Provided entries =
============================================================
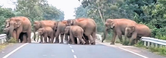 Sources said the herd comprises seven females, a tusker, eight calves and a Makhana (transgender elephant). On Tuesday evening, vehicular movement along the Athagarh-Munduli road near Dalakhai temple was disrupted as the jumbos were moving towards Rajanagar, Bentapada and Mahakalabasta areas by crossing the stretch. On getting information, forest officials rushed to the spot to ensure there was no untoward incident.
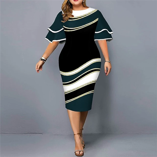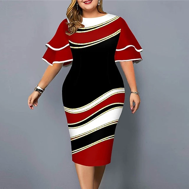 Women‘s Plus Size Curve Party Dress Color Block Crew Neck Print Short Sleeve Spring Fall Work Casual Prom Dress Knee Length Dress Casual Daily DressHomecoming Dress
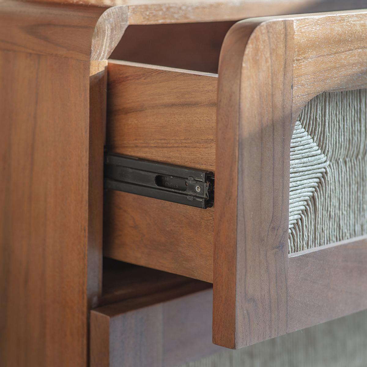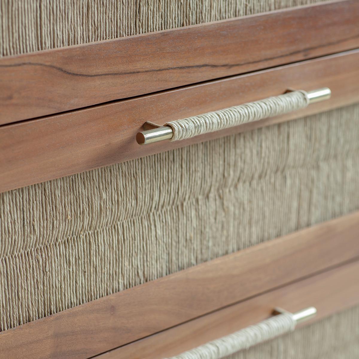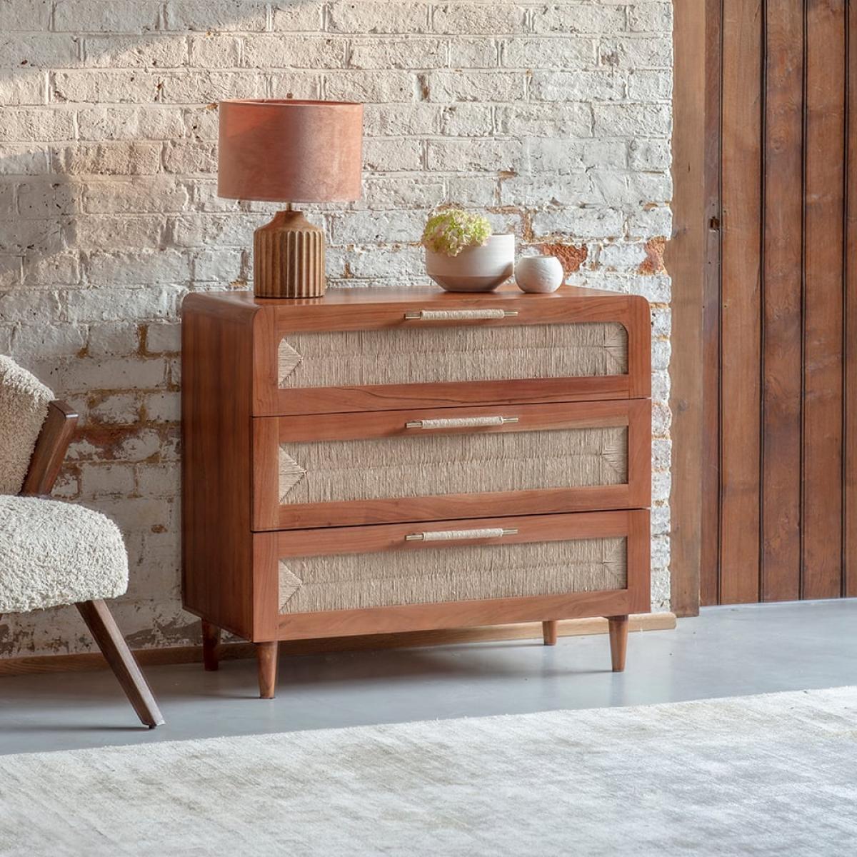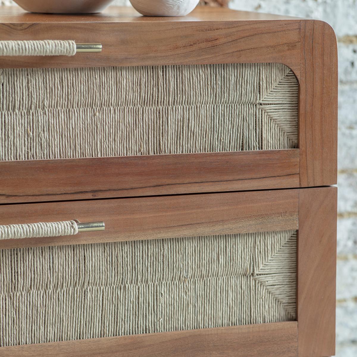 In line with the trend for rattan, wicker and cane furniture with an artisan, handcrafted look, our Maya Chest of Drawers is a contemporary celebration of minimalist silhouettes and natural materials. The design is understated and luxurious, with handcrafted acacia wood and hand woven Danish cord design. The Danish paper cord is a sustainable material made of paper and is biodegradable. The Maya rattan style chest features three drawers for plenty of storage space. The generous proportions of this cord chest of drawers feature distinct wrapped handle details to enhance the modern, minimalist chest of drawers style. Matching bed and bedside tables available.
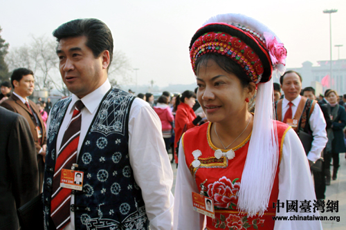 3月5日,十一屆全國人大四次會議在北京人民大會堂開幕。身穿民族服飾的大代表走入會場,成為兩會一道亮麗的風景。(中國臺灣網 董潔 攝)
============================================================
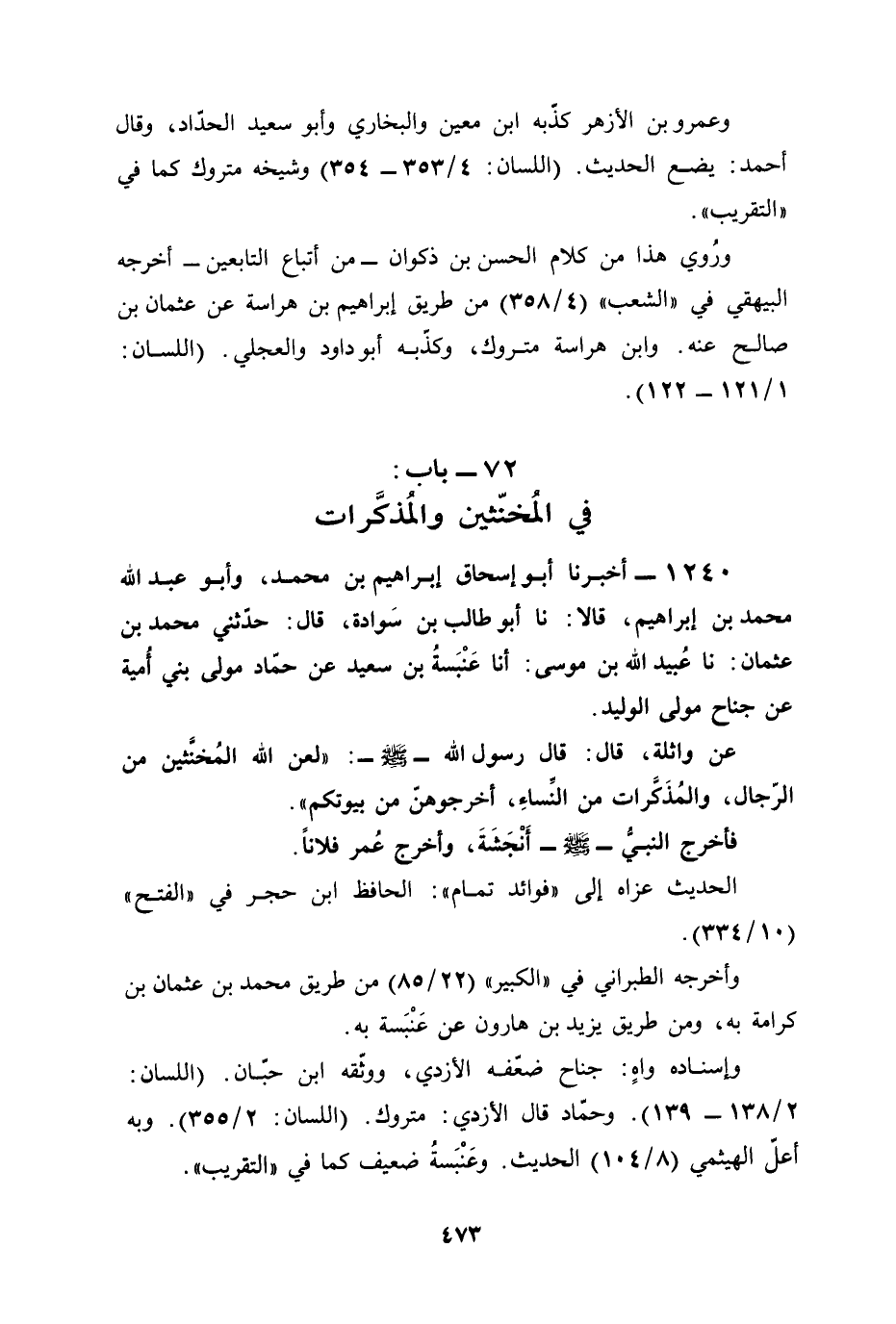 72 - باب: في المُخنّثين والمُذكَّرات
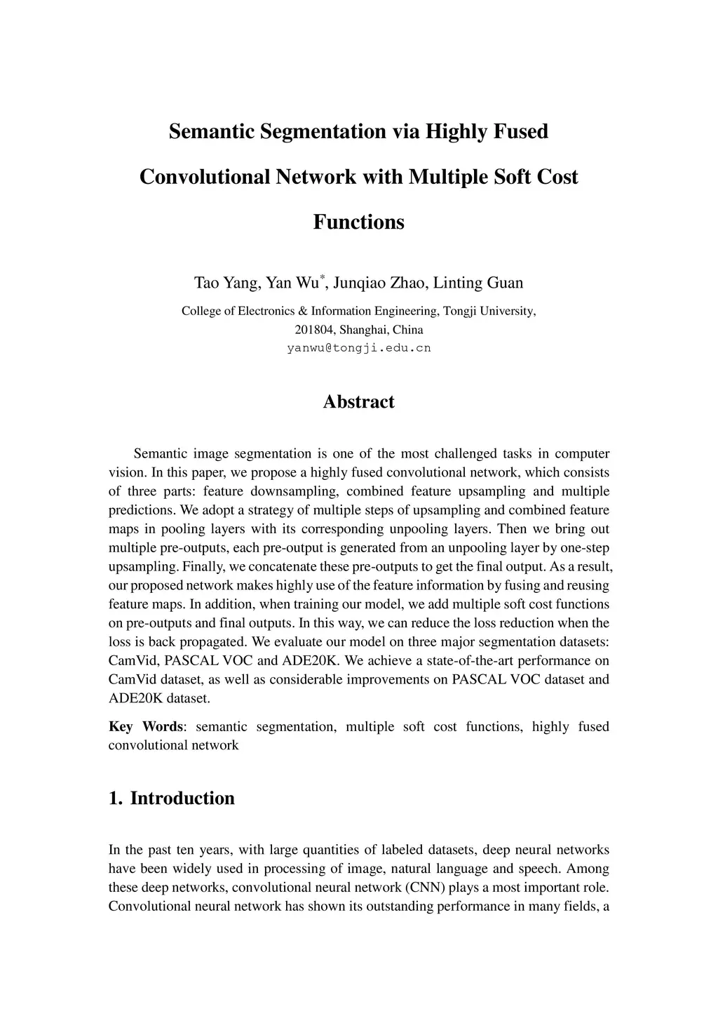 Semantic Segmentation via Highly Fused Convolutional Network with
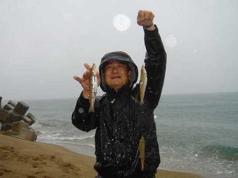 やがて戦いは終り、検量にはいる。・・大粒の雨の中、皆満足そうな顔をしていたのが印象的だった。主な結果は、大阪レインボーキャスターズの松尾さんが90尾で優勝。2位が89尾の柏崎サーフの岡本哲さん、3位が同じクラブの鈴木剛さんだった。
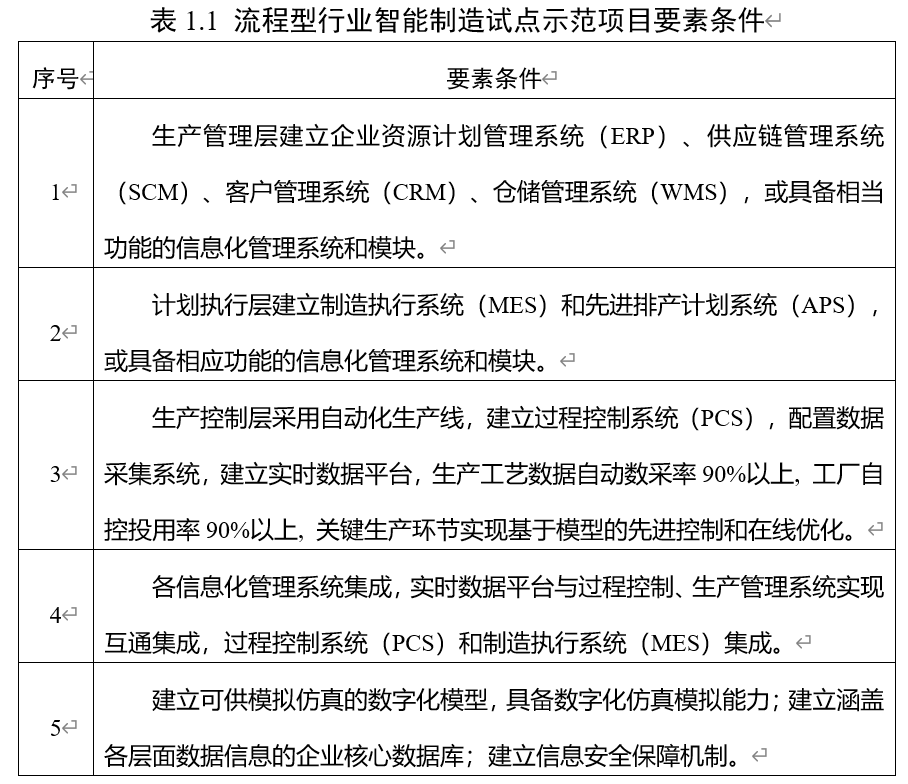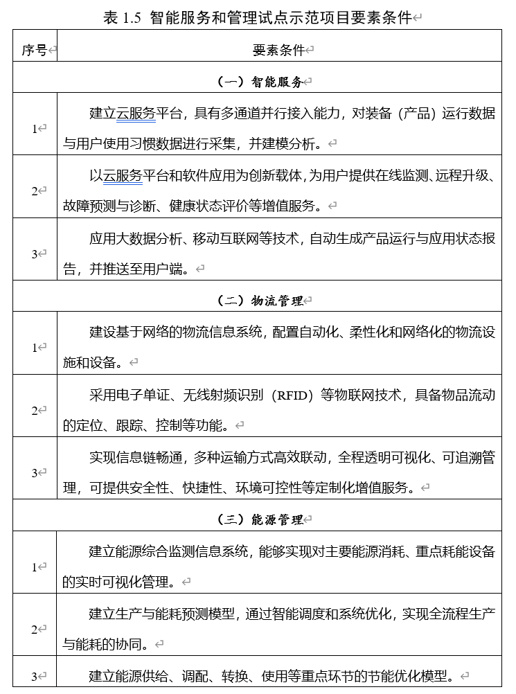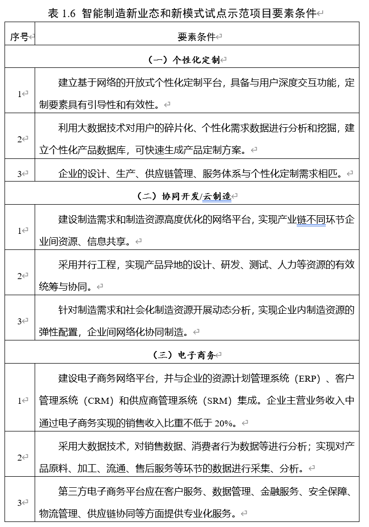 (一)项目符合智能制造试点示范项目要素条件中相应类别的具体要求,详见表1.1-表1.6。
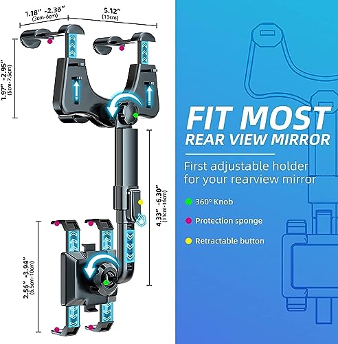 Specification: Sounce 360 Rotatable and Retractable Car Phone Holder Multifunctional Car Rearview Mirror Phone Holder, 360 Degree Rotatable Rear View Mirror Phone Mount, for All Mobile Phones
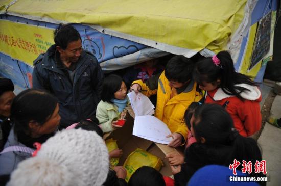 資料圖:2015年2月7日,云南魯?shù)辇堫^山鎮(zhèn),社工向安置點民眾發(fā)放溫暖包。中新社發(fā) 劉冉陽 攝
============================================================
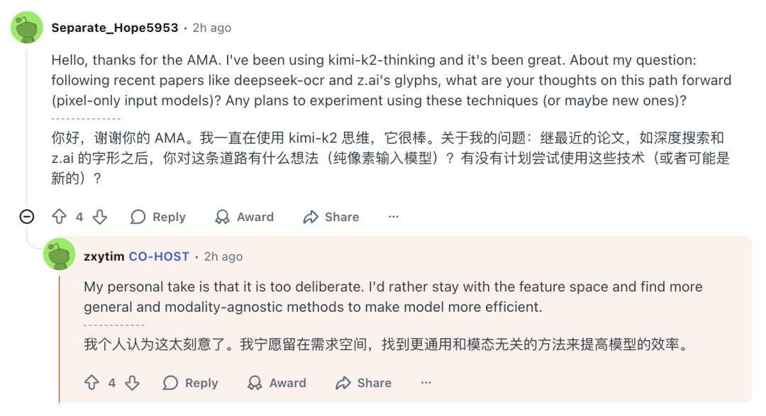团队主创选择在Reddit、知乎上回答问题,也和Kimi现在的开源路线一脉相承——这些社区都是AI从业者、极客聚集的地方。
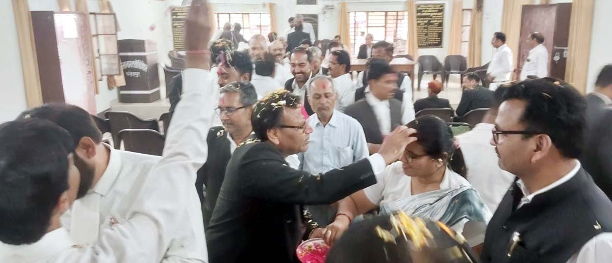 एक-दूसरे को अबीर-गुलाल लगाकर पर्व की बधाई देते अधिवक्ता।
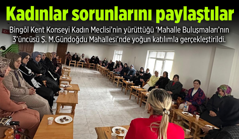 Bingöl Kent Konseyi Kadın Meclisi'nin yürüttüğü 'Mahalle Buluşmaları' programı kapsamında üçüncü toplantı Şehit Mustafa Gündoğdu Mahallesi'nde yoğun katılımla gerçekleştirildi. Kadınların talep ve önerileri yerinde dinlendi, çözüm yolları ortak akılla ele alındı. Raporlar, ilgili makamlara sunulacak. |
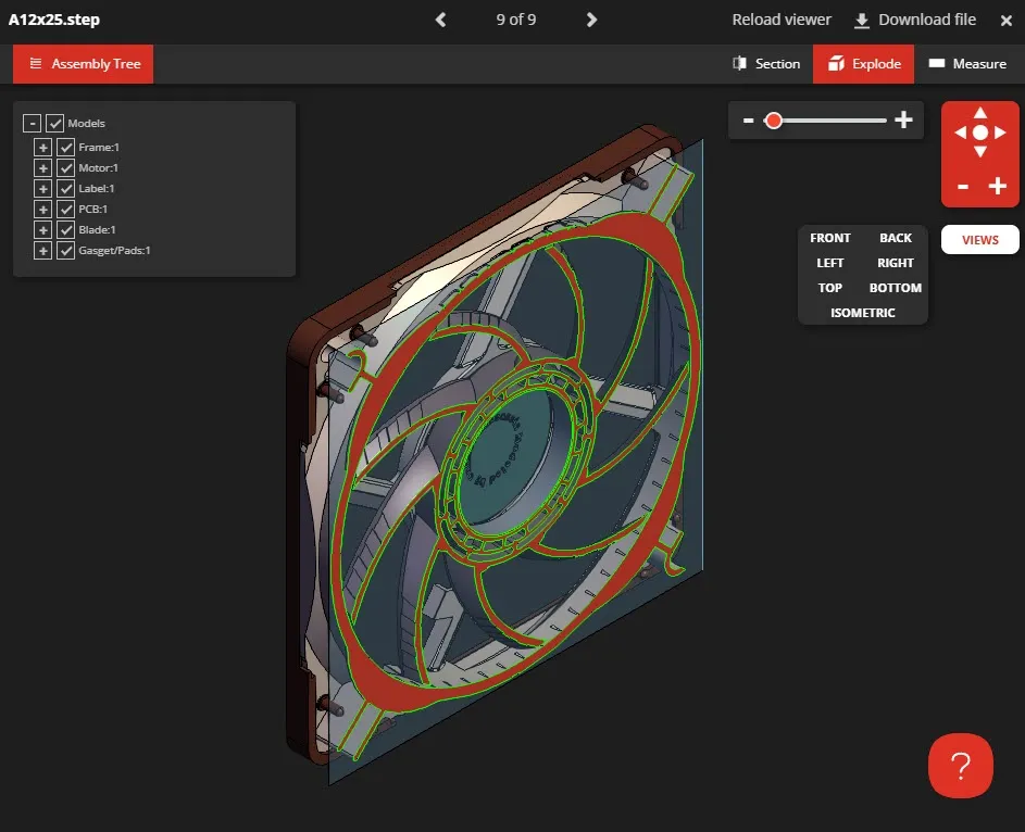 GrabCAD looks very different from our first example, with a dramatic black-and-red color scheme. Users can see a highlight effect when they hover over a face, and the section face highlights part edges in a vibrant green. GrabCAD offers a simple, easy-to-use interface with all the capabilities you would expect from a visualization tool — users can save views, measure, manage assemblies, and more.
============================================================
Work request = Taking the records above, print only and exactly the lines from the line with "Sources said the" to the line with "In line with", both kept, and exclude pictures.

Written response =
 Sources said the herd comprises seven females, a tusker, eight calves and a Makhana (transgender elephant). On Tuesday evening, vehicular movement along the Athagarh-Munduli road near Dalakhai temple was disrupted as the jumbos were moving towards Rajanagar, Bentapada and Mahakalabasta areas by crossing the stretch. On getting information, forest officials rushed to the spot to ensure there was no untoward incident.
 Women‘s Plus Size Curve Party Dress Color Block Crew Neck Print Short Sleeve Spring Fall Work Casual Prom Dress Knee Length Dress Casual Daily DressHomecoming Dress
 In line with the trend for rattan, wicker and cane furniture with an artisan, handcrafted look, our Maya Chest of Drawers is a contemporary celebration of minimalist silhouettes and natural materials. The design is understated and luxurious, with handcrafted acacia wood and hand woven Danish cord design. The Danish paper cord is a sustainable material made of paper and is biodegradable. The Maya rattan style chest features three drawers for plenty of storage space. The generous proportions of this cord chest of drawers feature distinct wrapped handle details to enhance the modern, minimalist chest of drawers style. Matching bed and bedside tables available.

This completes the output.